* **RECORDS SHOWN**
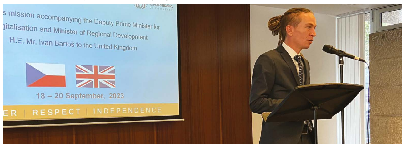
Czechia Deputy Prime Minister, Ivan Bartoš and the London Chamber worked together to consider how to improve Czech – UK trade relations
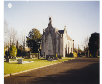
RPS No. 00564 Frankfield Church of Ireland
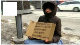
Homeless population turning to ERs for shelter
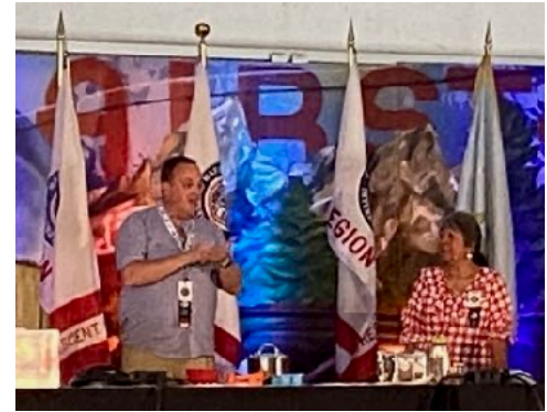
Gave away our first Instant Pot during the Instant Pot 101 class.
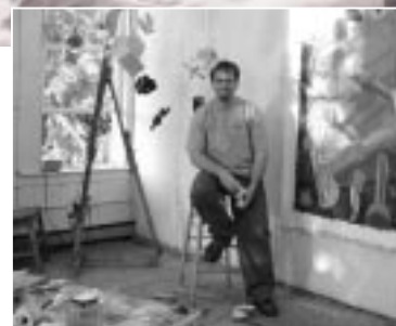
VSC's Red Mill (top) houses artist's studios like the one pictured above.
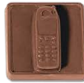
10 - Cell Phone
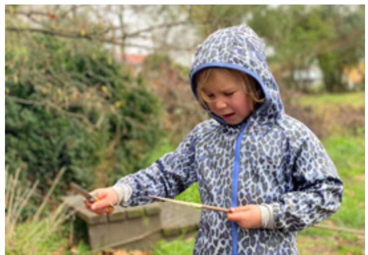
Risky Play (CH)

In the 1960s and 1970s, risky play came under scrutiny, as parents and educators began to advocate for safer playgrounds. As a result, playgrounds were redesigned and the first playground safety standards were introduced in Aotearoa in 1986. The idea of providing a safe and protective environment for children became a top priority and parents started to rely on more sedentary activities like television as a form of entertainment for their children. However, this mindset started to change in the 1990s and early 2000s. Adventure parks and extreme sports began to gain popularity, as the concept of risk broadened from being associated with negative outcomes to becoming more about uncertainties. Research started to back this thinking with studies showing that risky play can help children build self-confidence, develop their decision-making and problem-solving skills, and improve their mental and physical flexibility (Sandseter et al., 2022). Parents started to recognise the benefits of exposing their children to risky play.
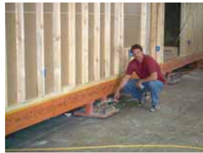
AeroGo Load Beams positioned under home frame.

"Our factory already runs mainly on air," Fink pointed out. "All of our tools, routers, nailing tools, and things like that are air driven. We already had the capacity to use air as a source of movement on these Aero-Casters and our air compressor was big enough to handle it. The cost of the Aero-Casters was probably 10% less than all of those steel rollers and all of that stuff. We already had the capacity to use air as a source of movement on these Aero-Casters, and it seemed like we could incorporate it with our other rolling system. And I liked the idea of the floor being clear for housekeeping purposes, trip hazard safety and things like that. A big effort of our company is to keep a clean factory—for a lot of reasons. Safety is one of those. We also do

* **WORK TASK**
Write out exactly the lines between the start of the data and the line with "Risky Play (CH)", including both, but none of the pictures.

* **EXERCISE RESPONSE**
Czechia Deputy Prime Minister, Ivan Bartoš and the London Chamber worked together to consider how to improve Czech – UK trade relations
RPS No. 00564 Frankfield Church of Ireland
Homeless population turning to ERs for shelter
Gave away our first Instant Pot during the Instant Pot 101 class.
VSC's Red Mill (top) houses artist's studios like the one pictured above.
10 - Cell Phone
Risky Play (CH)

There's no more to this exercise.